The AlphaGo versus Lee Se-dol match three years ago was a milestone in which a machine for the first time took down the human champion in the ancient game of Go. The 18-time Korean national world champion managed to save face with one win against the algorithm software in the five-game match that was streamed live across the world. Through the feat of DeepMind, Google was able to dominate over 70 percent of the fledgling artificial intelligence (AI) market. Google estimated the match had achieved a multimillion-dollar market effect. The Four Seasons Hotel in downtown Seoul also benefited from a stream of guests of AI engineers and Go players because it hosted the historic match.

Since then, AI has quickly invaded both industrial sites and our everyday lives. Having already beaten humans in performance and precision in professional fields, the question is how humans can defend their jobs against the machines. As the threat to jobs has become real, most experts believe “fractionalization and convergence” in the labor market will likely accelerate due to a surge in technological refugees.

In the United States, working without limits in time and space is being referred to as the opposite of regular or permanent jobs. In Japan, there are several types of “freeters,” or people lacking full-time employment. One type is those opting for odd jobs so as not to become “wage slaves.” They voluntarily juggle a driving gig at Uber in the daytime and a delivery job at night. It becomes blurry whether one is a wage earner or an employer. In Korea, some convenience store owners already take home a smaller income than their part-time employees due to drastic hikes in the minimum wage.

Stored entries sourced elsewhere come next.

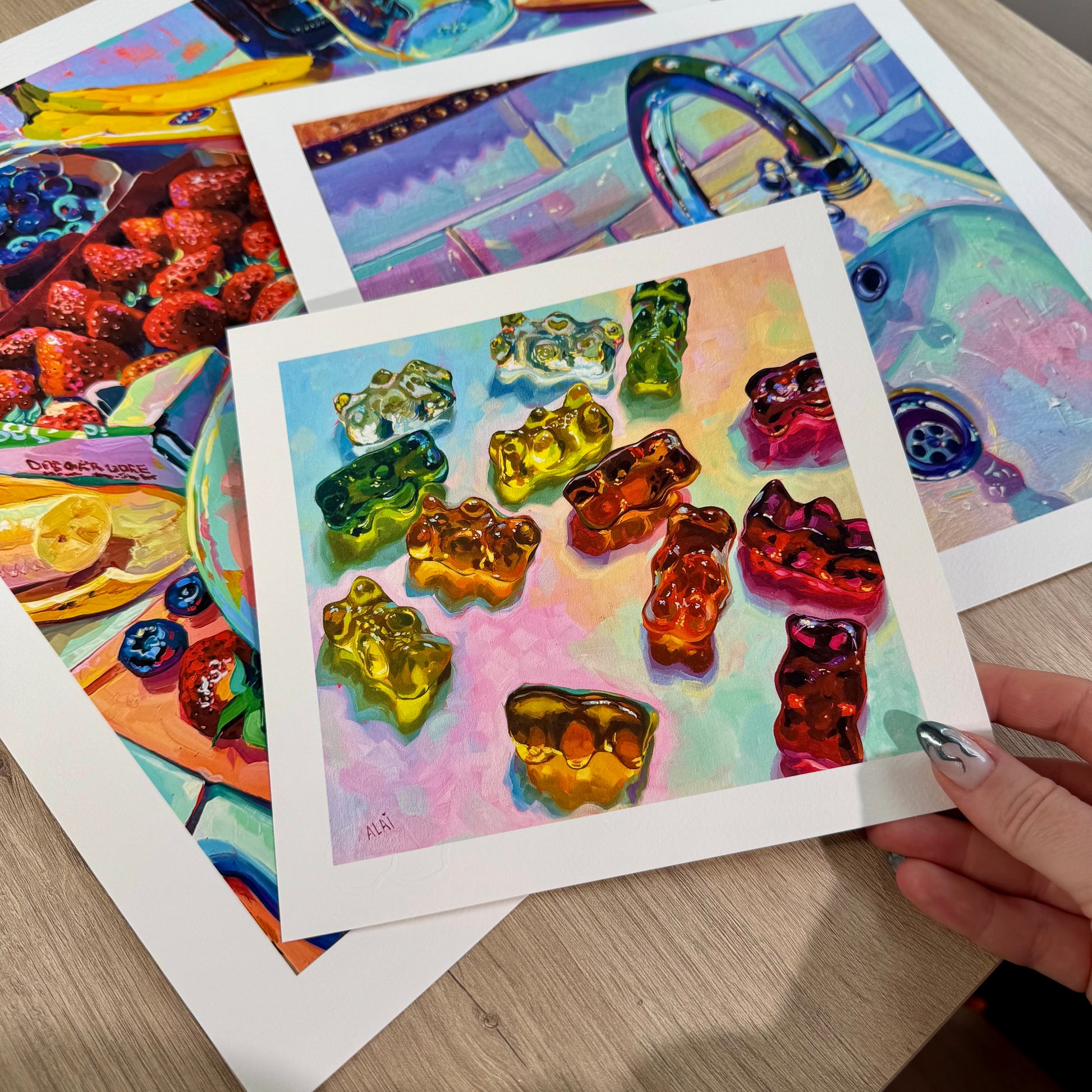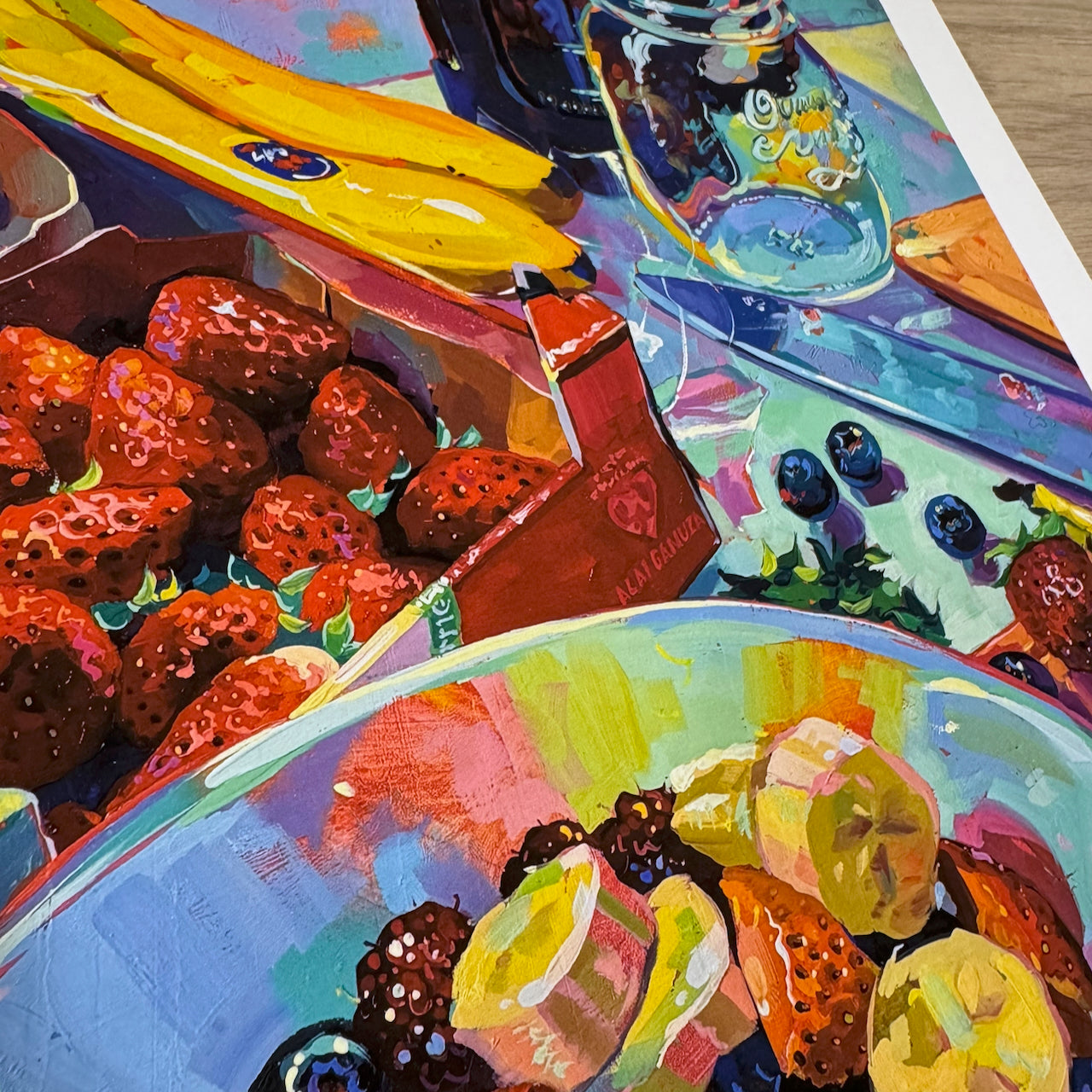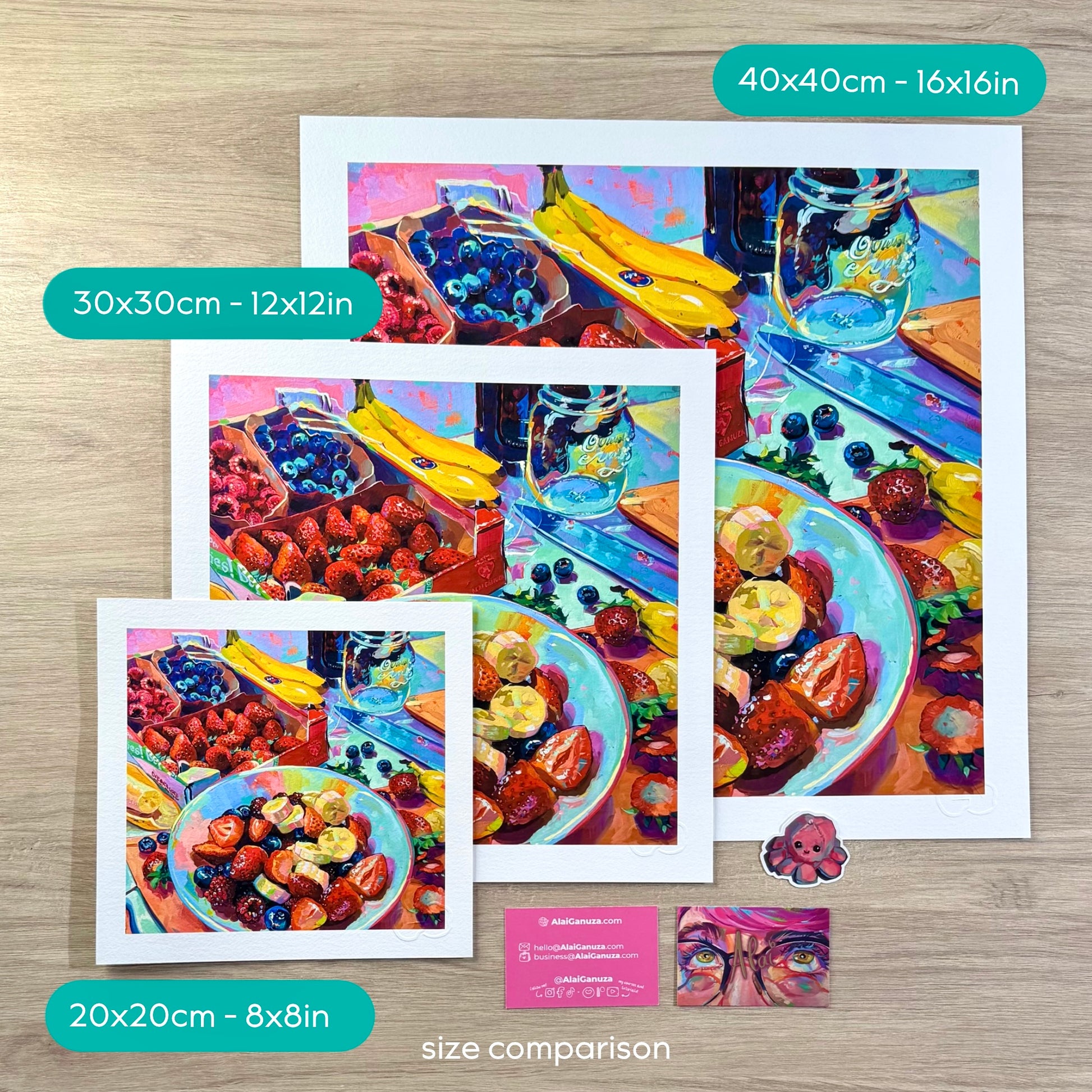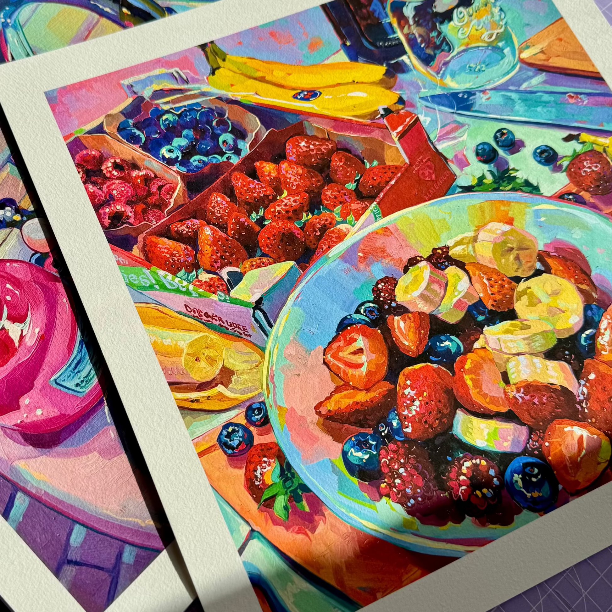Berries are a delight to eat... and to paint! In this painting I wanted to study the order in these super aesthetic and set up boxes but also the chaos of the macedonia in the bowl. Take a look at the not-so-hidden signature in the box! Get it now as a renewed print.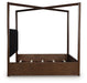 Casual contemporary styling with a decidedly modern vibe. Bathed in a rich dark brown finish, this California king canopy bed is warm and inviting. Its integrated “X” canopy and full wrap-around rails set to the floor adorn your restful retreat with on-trend elegance. Dual USB charging on both sides of the upholstered headboard is a subtly cool way to keep your electronics at the ready. What a simply stunning way to achieve the bedroom of your dreams.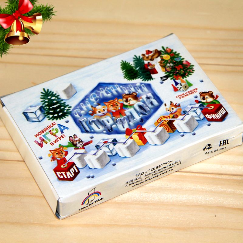 В комплекте:игровое поле из плотной бумаги, 4 фишки и кубик.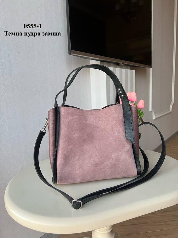 Наявність уточнюйте Елегантна сумка Кольори: чорний, пудра, шоколад Матеріал: фасад натуральна замша, штучна шкіра Розміри: 30/25/13см Три відділення. Основне середнє відділення на блискавці, усередині 2 відкриті кишені, бічна кишеня на блискавці , роздільна кишеня на блискавці. З обох боків сумки два відділення на магнітних кнопках. В комплекті знімний регульований ремінь, макс. 135 см.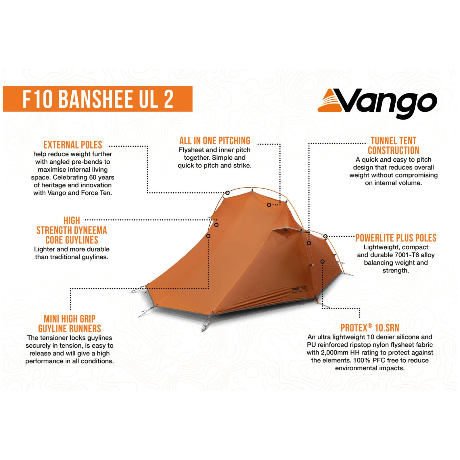 Il Force Ten Banshee UL2 rappresenta una rivisitazione moderna del leggendario modello Banshee, che da decenni protegge gli avventurieri in montagna, in valle e sulla costa. La struttura a tunnel consente un montaggio rapido e semplice della tenda, riducendo al contempo il peso complessivo senza limitare lo spazio interno. Grazie al sistema "tutto in uno", la tenda interna rimane agganciata al telo esterno, accelerando notevolmente il montaggio e lo smontaggio. La tenda può essere montata anche senza la parte interna, come un riparo minimalista.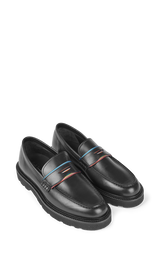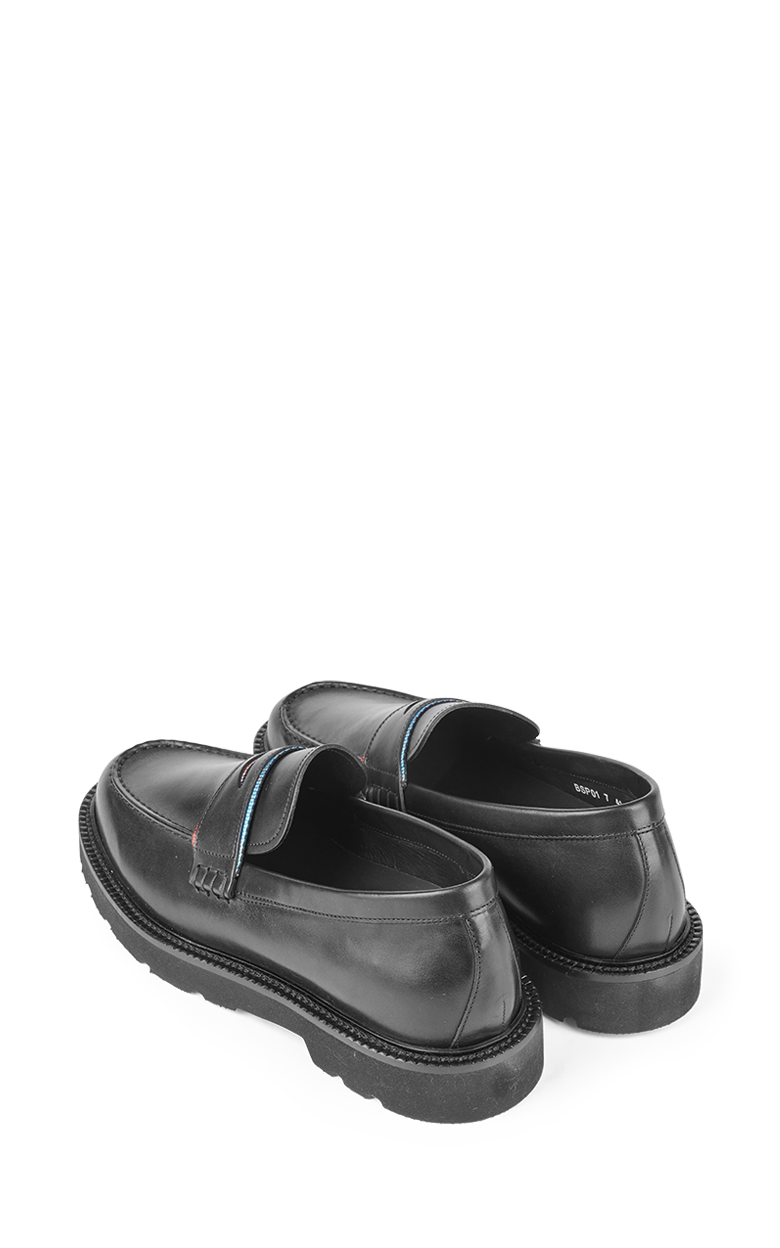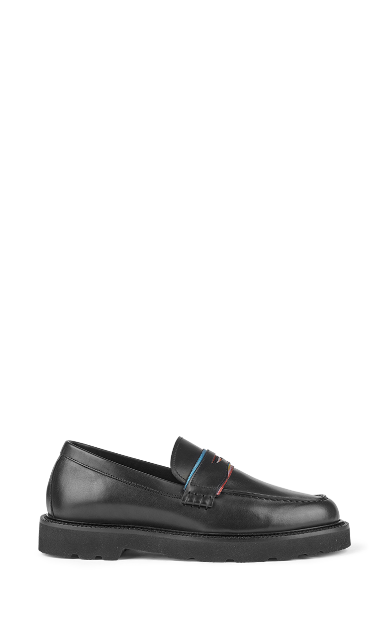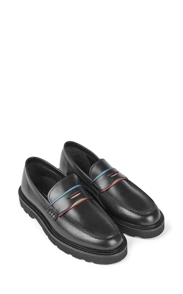 Eksklusive sorte loafers fra Paul Smith i premium læder, designet med en klassisk og elegant silhuet. Den rene linje og de raffinerede detaljer skaber en tidløs sko, der passer perfekt til både formelle og afslappede outfits.

Neoclassical economics determined wages based on the balance between the marginal value of work and the marginal value of leisure. That thought has changed greatly. German sociologist Ulrich Beck had likened life to a cup of cappuccino with the “sweet cream” of leisure on top of the sour espresso of work. These days, one would desire a latte with the half-half mix of espresso and milk. Forcing the 52-hour workweek does not ensure a work-life-balance. A journalist cannot strictly divide their work by hours.

The boundaries of work and study have also become blurry. Society and the workplace are now responsible for schooling. Today, various scholars and experts from journalism, education, social science and software fields hold a seminar at the Press Center in downtown Seoul on the theme of the future of labor and work in the age of automation.

The forum will discuss what jobs are sustainable and insecure in the future, as well as the new types of jobs in the age of AI. Various civilian experiments on job sharing and community projects will be introduced.

One presenter will ask politicians to spend sufficient money to nurture talent for the fourth industrial revolution and concentrate on removing regulations and norms that get in the way of innovation.